[Data extracted from a collection]

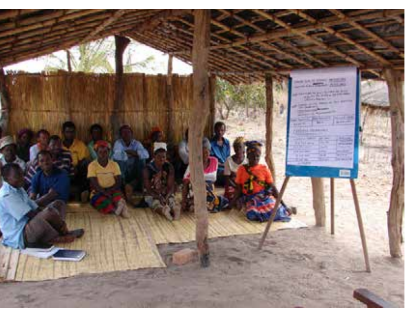
Farmers association meeting in Ribaue

almost completely absent." But its attitude was already beginning to shift, and in a worried comment, the Bank continued: "The non-interventionist environment is perhaps good to encourage private initiative, but on the other hand the private sector has not stepped in to provide fertilizers, agricultural machinery, seed and so on."34 The result is the total failure to develop more modern small and medium size agriculture in Mozambique. This hard line only began to soften in 2008, with the resumption of government and donor support for agricultural research.
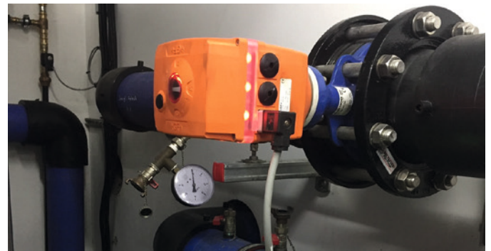
LED status display facilitates checking the current state of the actuator.

The operators chose the Smart Actuator to avoid unexpected downtimes and improve the efficiency of the water filtering system. In addition, the interoperable actuator helps the customer to future-proof the piping system. The Smart Actuator is leading the way to a decentralized water treatment future.
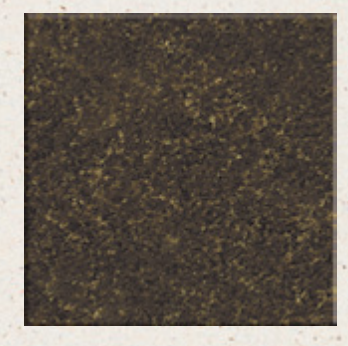
Medium Black* *Full Perpetual Warranty does not apply to this color
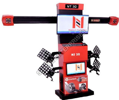
3D Wheel Alignment Machine
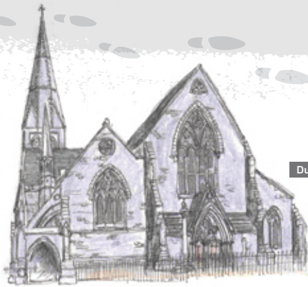
Dublin Tourism Centre
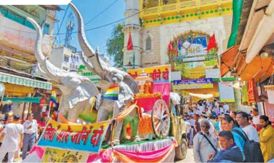
A procession during celebrations of Mahavir Jayanti in Ajmer
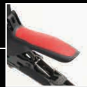
Ergonomic design RUBBER GRIP
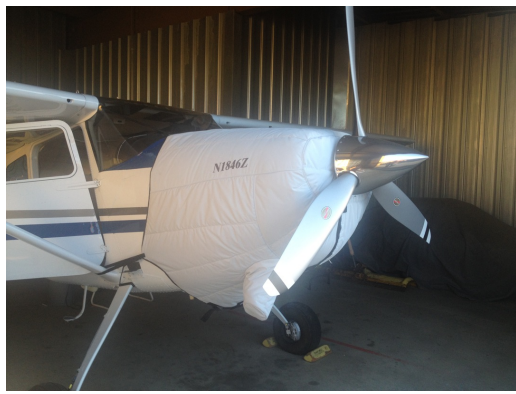
Cessna 180 Insulated Engine Cover
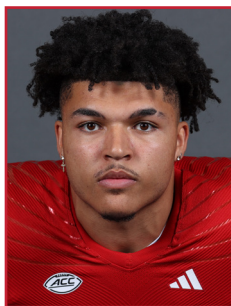
RB • 6-1 • 225 • Sr. Wisconsin Clayton, Ind.

> _ABOUT THIS EXERCISE_
Return the opening line of the data above and every line after it up to and including the line that holds "LED status display"; pictures stay out.

> _COMPLETED EXERCISE_
Farmers association meeting in Ribaue

almost completely absent." But its attitude was already beginning to shift, and in a worried comment, the Bank continued: "The non-interventionist environment is perhaps good to encourage private initiative, but on the other hand the private sector has not stepped in to provide fertilizers, agricultural machinery, seed and so on."34 The result is the total failure to develop more modern small and medium size agriculture in Mozambique. This hard line only began to soften in 2008, with the resumption of government and donor support for agricultural research.
LED status display facilitates checking the current state of the actuator.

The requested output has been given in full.